Shavar Jeffries, blogging over at the Black Professors blog, continues to write about school choice and its importance to the black community (and by assocation, the latino community as well).
This time however, the post is about School Choice and its connection to the Civil Rights Establishment. Professor Jeffries writes:
According to the Joint Center for Political and Economic Studies, Black parents, especially Black parents of children in urban schools, strongly support school choice. This result should be unsurprising: The futures of their children are directly, if not irrevocably, compromised by the continuing failure of urban schools. At the same time, most longstanding civil-rights organizations — like the NAACP, the NAACP Legal Defense and Education Fund, and the Leadership Conference on Civil Rights (LCCR) — strongly oppose school choice. The following assertions of LCCR, contained in its platform statement on educational matters, is typical:
After Brown, discrimination and resistance to integration was so extreme in places like Prince Edward County, Va., that they closed their public schools and used taxpayer money for vouchers to pay for private schools for white children. Vouchers are still a way to abandon public education, increase segregation, and leave millions of children behind; we can’t go back to this shameful tradition.
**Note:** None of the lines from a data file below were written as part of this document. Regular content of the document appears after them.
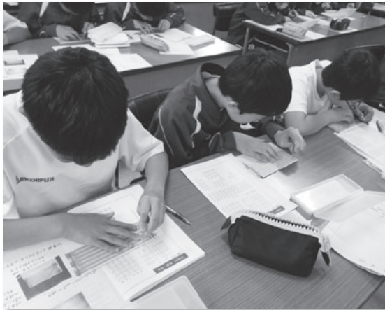
自分の名前を点字で打ちました。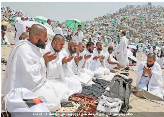
حجاج يبتهلون في جبل الرزمة قبل توجههم إلى مزدلفة (أ ف ب)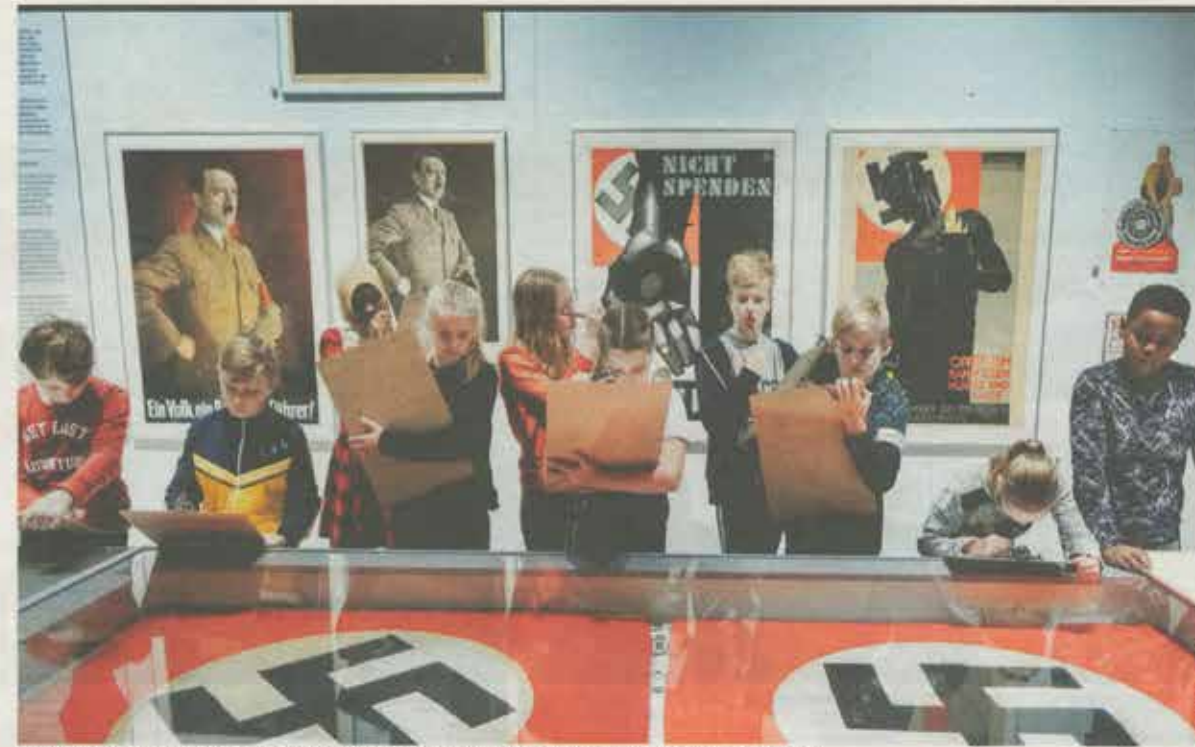
Groep 8 van basisschool 't Talent uit Schijndel bezoekt de expositie Design van het Derde Rijk in het Design Museum.

Established civil-rights organizations often repeat the mantra that contemporary school-choice policies are simply a reflection of discriminatory policies used decades ago to subvert Brown. But this claim is misplaced for several reasons, not least of which is the simple fact that most Black children are educated in overwhelmingly minority schools. This de facto public-school segregation is largely the consequence of residential segregation coupled with narrow judicial constructions of federal courts’ remedial authority under Brown II to compel integration — judicial power limited particularly by the Court’s effective prohibition on metropolitan remedies in Milliken v. Bradley and its decisions in the 1990s facilitating the termination of desegregation decrees.
In this context of broad de facto segregation, the notion that school choice would enhance segregation concerning the children purportedly left behind by vouchers seems incongruous: These children were left behind long ago by the mass exodus from these neighborhoods of Whites and the middle class. Indeed, vouchers not only fail meaningfully to enhance segregation, but perhaps offer the best opportunity to facilitate integration. In many respects, the only weapon left in the arsenal of the public-school integrationist is the magnet school, a school designed primarily to provide a kind of education likely to persuade racially and economically diverse groups of parents voluntarily to enroll their children.
In any event, not only does the continued preoccupation with integration seem untenable given current demographic and jurisprudential realities (leaving aside, for the moment, the educational value of compelled integration, an issue which I will discuss later), but also it fails to address specifically the substantive effectiveness of the education urban public schools provide to Black students. Black children need to learn, and need to do so immediately given the exigencies of the modern economy. Public schools, objectively, are not getting the job done and have not done so for decades. At the same time, Black, urban parents possess a limited, if extant at all, capacity to impact public-school politics in a way likely to affect sustainable systemic change.
I thus wonder what it is our established civil-rights leadership is thinking. While our leadership focuses quixotically on a remedy devoid of practical currency, we are in the midst of losing yet another generation of Black children to a government-run system that demonstrably is failing their needs.
The last sentence bears repeating, “While our leadership focuses quixotically on a remedy devoid of practical currency, we are in the midst of losing yet another generation of Black children to a government-run system that demonstrably is failing their needs”.


Dear Sir. Thank you for picking me up from the airport and for dinner. You are a true friend. Like always, this post is fascinating. Yawn. Sorry, jet lag. Anyway, I very much want to hear your thoughts on today’s LA Times front page article, “Prisons to Curtail Racial Segregation.” Please be specific in whether or not you agree with the February supreme court decision which nullified the use of race as a factor in how prisoners are settled. Thank you sir. If you ever want me to write a specific post which will bring out my own ideological contradictions, I’d be happy to.
WTF!!! I’ll do more than just give you my opinion, I’ll create a separate post on it.